▶ [Your assignment]
Unless it is a picture, every line from the start of the entries through the line with "喝水哥在觀看比賽時(shí)" must be retyped exactly.

▶ [Stored items]

= = = = =

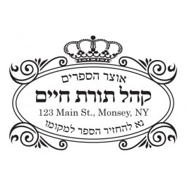 An ornamental oval frame design with a crown, for a sefer, book or anything else. Can be customized in Hebrew or English. Fits name and phone number as shown on image.
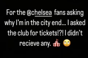 喝水哥在觀看比賽時(shí)將現(xiàn)場(chǎng)照片發(fā)布在了社媒上,他被部分切爾西球迷指責(zé)和曼城球迷坐在一起觀看了這場(chǎng)比賽。
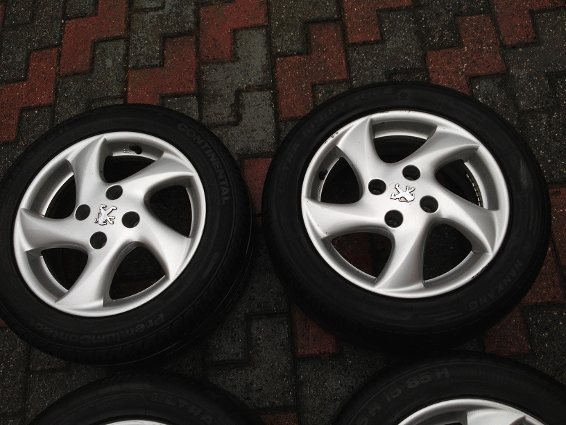 ich biete hier 4x die 15" Originalfelgen des 206ers (BJ 2003) zum Verkauf an. Sie sind gebraucht, haben allerdings nur eine Laufleistung von etwa 25.000 Km und sind in einem dementsprechend gutem Zustand. Eine vierfache Bereifung ist aufgezogen und wird mitverkauft, sollte trotz einer guten Profiltiefe dennoch gewechselt werden (Herstellungsdatum bei zwei Reifen ist -1906-, bei den beiden anderen -4202-).
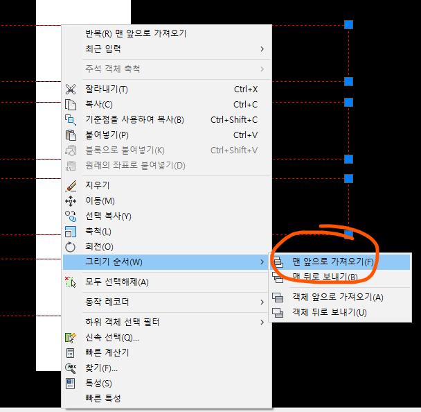 DRAWORDER -> 객체선택 -> F(맨 앞으로)
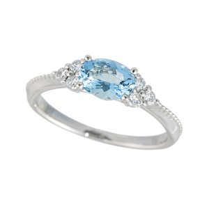 | 【2024年8月ガイド誌掲載】パライバトルマリンとアウイナイトを交互にセッティングした一文字リング。間にダイヤモンドをセッティングし、煌めきをプラスした爽やかなデザインです。 |
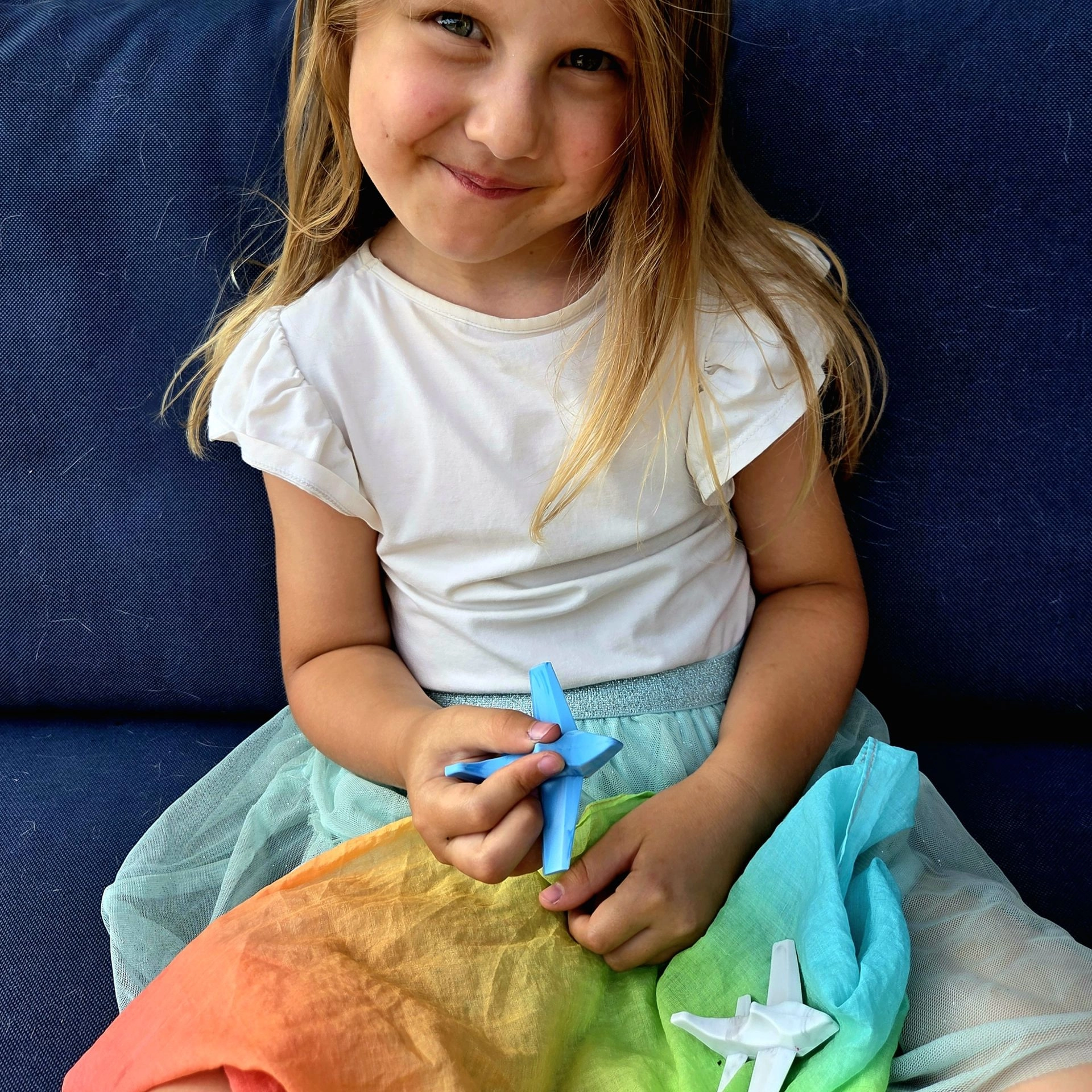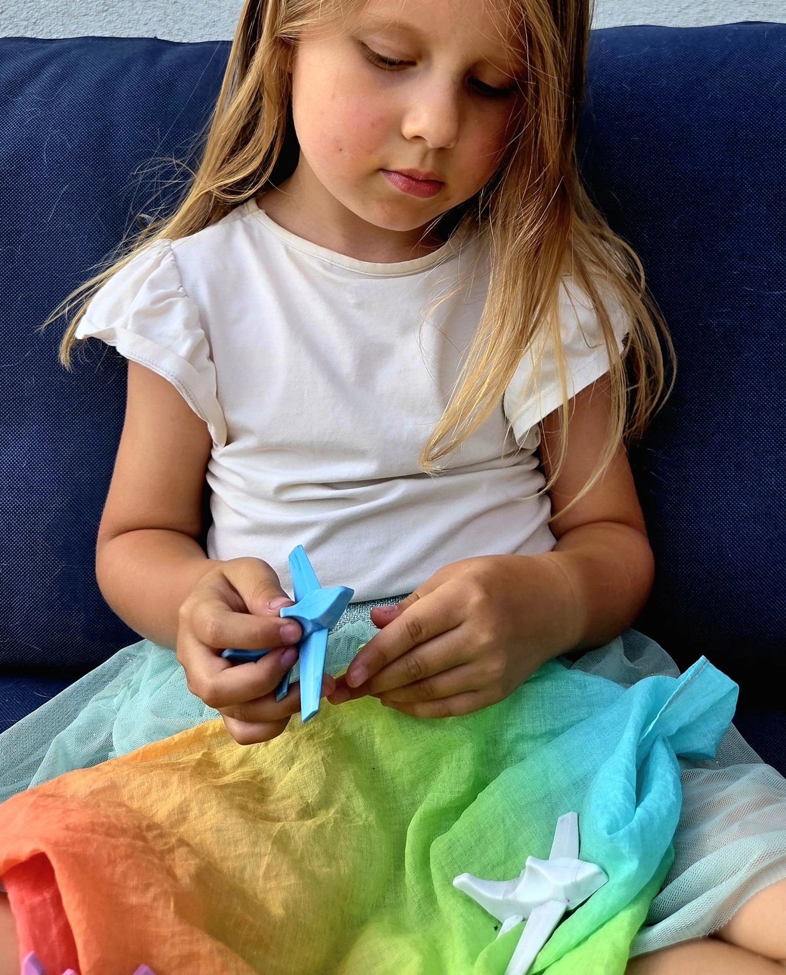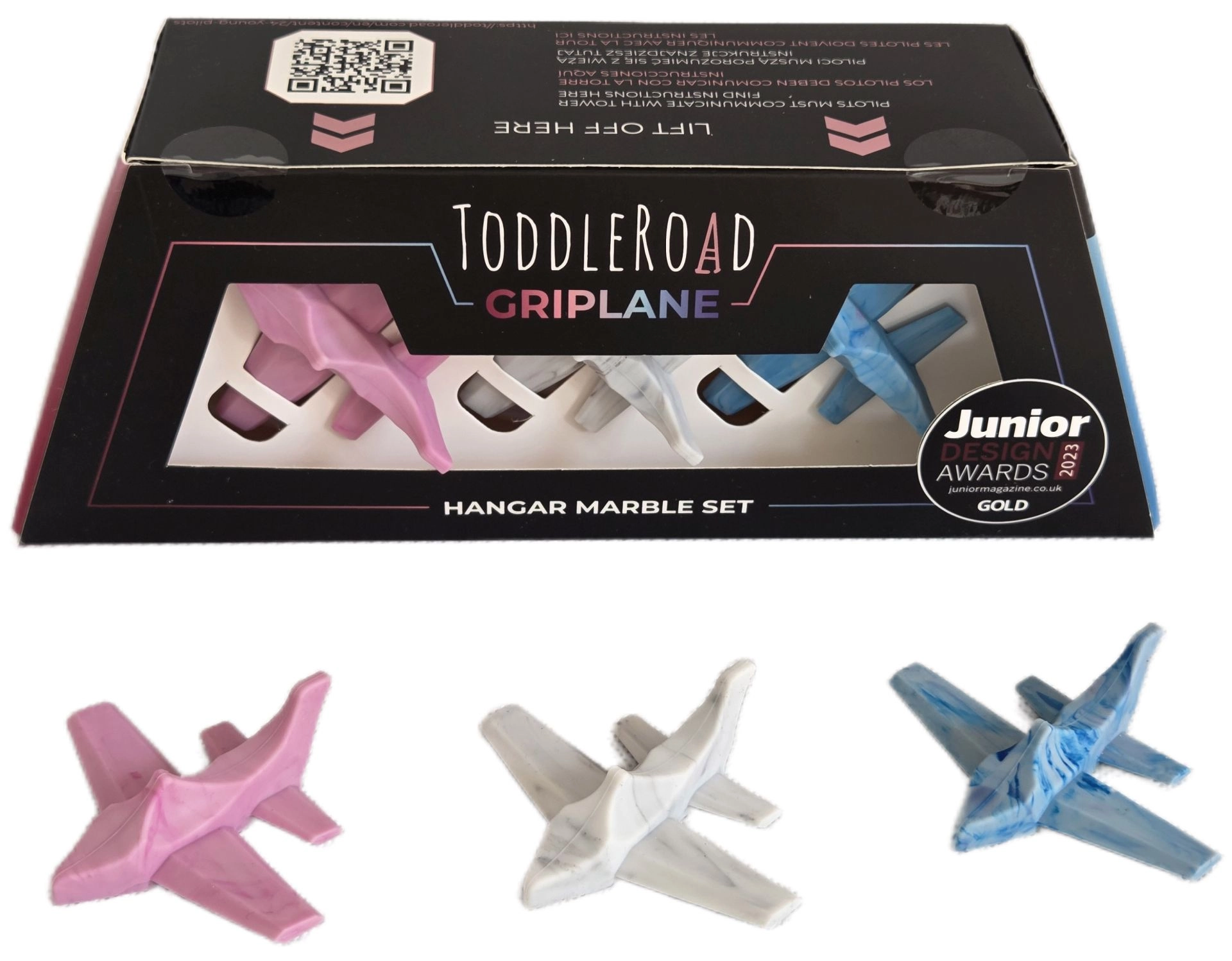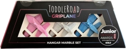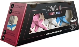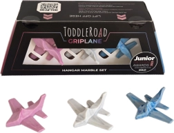 Komplet Hangár Marble je idealen dodatek k kompletu Letališče in otrokom prinaša veselje do proste, varne in domišljijske igre. Tri silikonska letala v nežnih pastelnih barvah z učinkom marmoriranja odlično sedejo v otroško roko in zaradi prijetnega materiala spodbujajo senzorično zaznavanje.
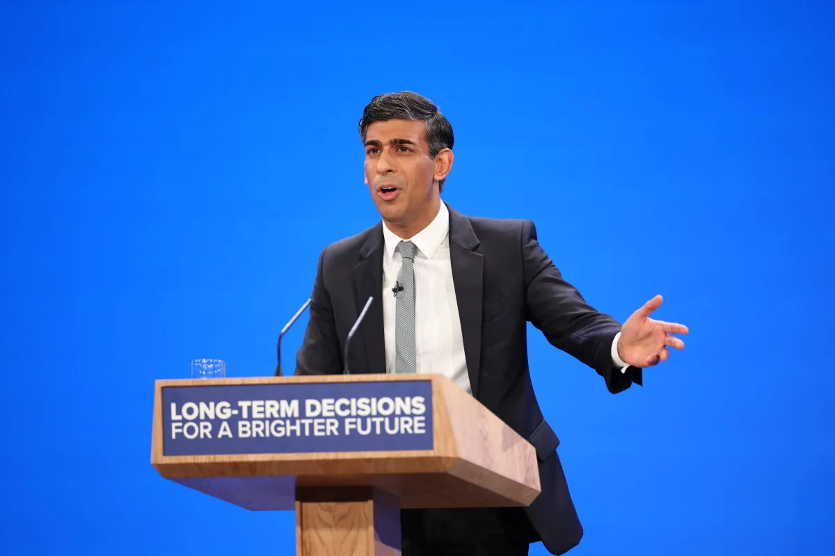 رئيس الوزراء البريطاني ريشي سوناك يلقي كلمه في مانشستر (إ.ب.أ)
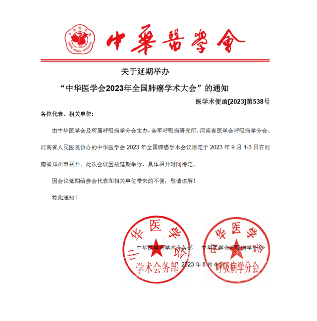 8月4日,中華醫(yī)學(xué)會(huì)2023年全國肺癌學(xué)術(shù)會(huì)議原定于2023年9月1-3日在河南省鄭州市召開,因故延期舉行,具體召開時(shí)間待定。
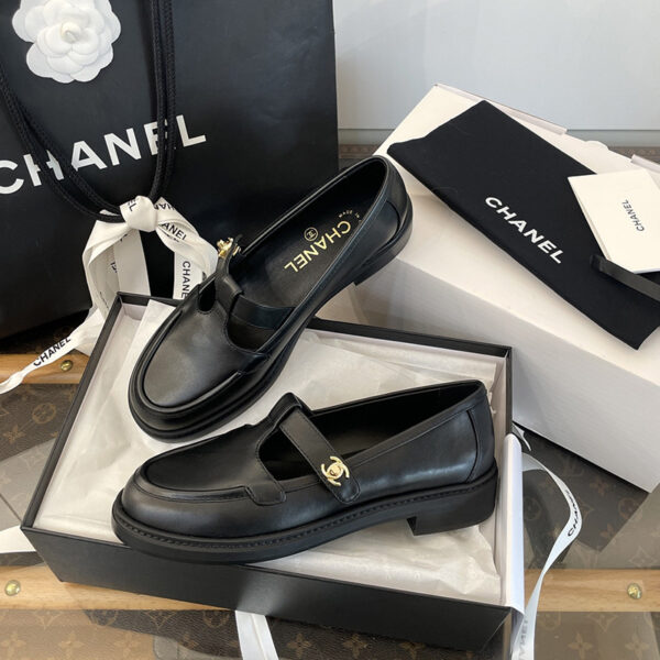 샤넬 25K 카프스킨 T 스트랩 턴락 금장 CC로고 로퍼
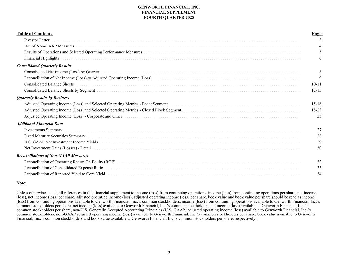 Table of Contents Page Investor Letter . . . . . . . . . . . . . . . . . . . . . . . . . . . . . . . . . . . . . . . . . . . . . . . . . . . . . . . . . . . . . . . . . . . . . . . . . . . . . . . . . . . . . . . . . . . . . . . . . . . . . . . . . . . . . . . . . . . . . 3 Use of Non-GAAP Measures . . . . . . . . . . . . . . . . . . . . . . . . . . . . . . . . . . . . . . . . . . . . . . . . . . . . . . . . . . . . . . . . . . . . . . . . . . . . . . . . . . . . . . . . . . . . . . . . . . . . . . . . . . 4 Results of Operations and Selected Operating Performance Measures . . . . . . . . . . . . . . . . . . . . . . . . . . . . . . . . . . . . . . . . . . . . . . . . . . . . . . . . . . . . . . . . . . . . . . . . . . 5 Financial Highlights . . . . . . . . . . . . . . . . . . . . . . . . . . . . . . . . . . . . . . . . . . . . . . . . . . . . . . . . . . . . . . . . . . . . . . . . . . . . . . . . . . . . . . . . . . . . . . . . . . . . . . . . . . . . . . . . . 6 Consolidated Quarterly Results Consolidated Net Income (Loss) by Quarter . . . . . . . . . . . . . . . . . . . . . . . . . . . . . . . . . . . . . . . . . . . . . . . . . . . . . . . . . . . . . . . . . . . . . . . . . . . . . . . . . . . . . . . . . . . . . . 8 Reconciliation of Net Income (Loss) to Adjusted Operating Income (Loss) . . . . . . . . . . . . . . . . . . . . . . . . . . . . . . . . . . . . . . . . . . . . . . . . . . . . . . . . . . . . . . . . . . . . . 9 Consolidated Balance Sheets . . . . . . . . . . . . . . . . . . . . . . . . . . . . . . . . . . . . . . . . . . . . . . . . . . . . . . . . . . . . . . . . . . . . . . . . . . . . . . . . . . . . . . . . . . . . . . . . . . . . . . . . . . 10-11 Consolidated Balance Sheets by Segment . . . . . . . . . . . . . . . . . . . . . . . . . . . . . . . . . . . . . . . . . . . . . . . . . . . . . . . . . . . . . . . . . . . . . . . . . . . . . . . . . . . . . . . . . . . . . . . . 12-13 Quarterly Results by Business Adjusted Operating Income (Loss) and Selected Operating Metrics - Enact Segment . . . . . . . . . . . . . . . . . . . . . . . . . . . . . . . . . . . . . . . . . . . . . . . . . . . . . . . . . . . . . . 15-16 Adjusted Operating Income (Loss) and Selected Operating Metrics - Closed Block Segment . . . . . . . . . . . . . . . . . . . . . . . . . . . . . . . . . . . . . . . . . . . . . . . . . . . . . . . . 18-23 Adjusted Operating Income (Loss) - Corporate and Other . . . . . . . . . . . . . . . . . . . . . . . . . . . . . . . . . . . . . . . . . . . . . . . . . . . . . . . . . . . . . . . . . . . . . . . . . . . . . . . . . . . 25 Additional Financial Data Investments Summary . . . . . . . . . . . . . . . . . . . . . . . . . . . . . . . . . . . . . . . . . . . . . . . . . . . . . . . . . . . . . . . . . . . . . . . . . . . . . . . . . . . . . . . . . . . . . . . . . . . . . . . . . . . . . . . 27 Fixed Maturity Securities Summary . . . . . . . . . . . . . . . . . . . . . . . . . . . . . . . . . . . . . . . . . . . . . . . . . . . . . . . . . . . . . . . . . . . . . . . . . . . . . . . . . . . . . . . . . . . . . . . . . . . . 28 U.S. GAAP Net Investment Income Yields . . . . . . . . . . . . . . . . . . . . . . . . . . . . . . . . . . . . . . . . . . . . . . . . . . . . . . . . . . . . . . . . . . . . . . . . . . . . . . . . . . . . . . . . . . . . . . . 29 Net Investment Gains (Losses) - Detail . . . . . . . . . . . . . . . . . . . . . . . . . . . . . . . . . . . . . . . . . . . . . . . . . . . . . . . . . . . . . . . . . . . . . . . . . . . . . . . . . . . . . . . . . . . . . . . . . . 30 Reconciliations of Non-GAAP Measures Reconciliation of Operating Return On Equity (ROE) . . . . . . . . . . . . . . . . . . . . . . . . . . . . . . . . . . . . . . . . . . . . . . . . . . . . . . . . . . . . . . . . . . . . . . . . . . . . . . . . . . . . . . 32 Reconciliation of Consolidated Expense Ratio . . . . . . . . . . . . . . . . . . . . . . . . . . . . . . . . . . . . . . . . . . . . . . . . . . . . . . . . . . . . . . . . . . . . . . . . . . . . . . . . . . . . . . . . . . . . 33 Reconciliation of Reported Yield to Core Yield . . . . . . . . . . . . . . . . . . . . . . . . . . . . . . . . . . . . . . . . . . . . . . . . . . . . . . . . . . . . . . . . . . . . . . . . . . . . . . . . . . . . . . . . . . . 34 Note: Unless otherwise stated, all references in this financial supplement to income (loss) from continuing operations, income (loss) from continuing operations per share, net income (loss), net income (loss) per share, adjusted operating income (loss), adjusted operating income (loss) per share, book value and book value per share should be read as income (loss) from continuing operations available to Genworth Financial, Inc.’s common stockholders, income (loss) from continuing operations available to Genworth Financial, Inc.’s common stockholders per share, net income (loss) available to Genworth Financial, Inc.’s common stockholders, net income (loss) available to Genworth Financial, Inc.’s common stockholders per share, non-U.S. Generally Accepted Accounting Principles (U.S. GAAP) adjusted operating income (loss) available to Genworth Financial, Inc.’s common stockholders, non-GAAP adjusted operating income (loss) available to Genworth Financial, Inc.’s common stockholders per share, book value available to Genworth Financial, Inc.’s common stockholders and book value available to Genworth Financial, Inc.’s common stockholders per share, respectively. GENWORTH FINANCIAL, INC. FINANCIAL SUPPLEMENT FOURTH QUARTER 2025 2

= = = = =

▶ [Answer space]
 An ornamental oval frame design with a crown, for a sefer, book or anything else. Can be customized in Hebrew or English. Fits name and phone number as shown on image.
 喝水哥在觀看比賽時(shí)將現(xiàn)場(chǎng)照片發(fā)布在了社媒上,他被部分切爾西球迷指責(zé)和曼城球迷坐在一起觀看了這場(chǎng)比賽。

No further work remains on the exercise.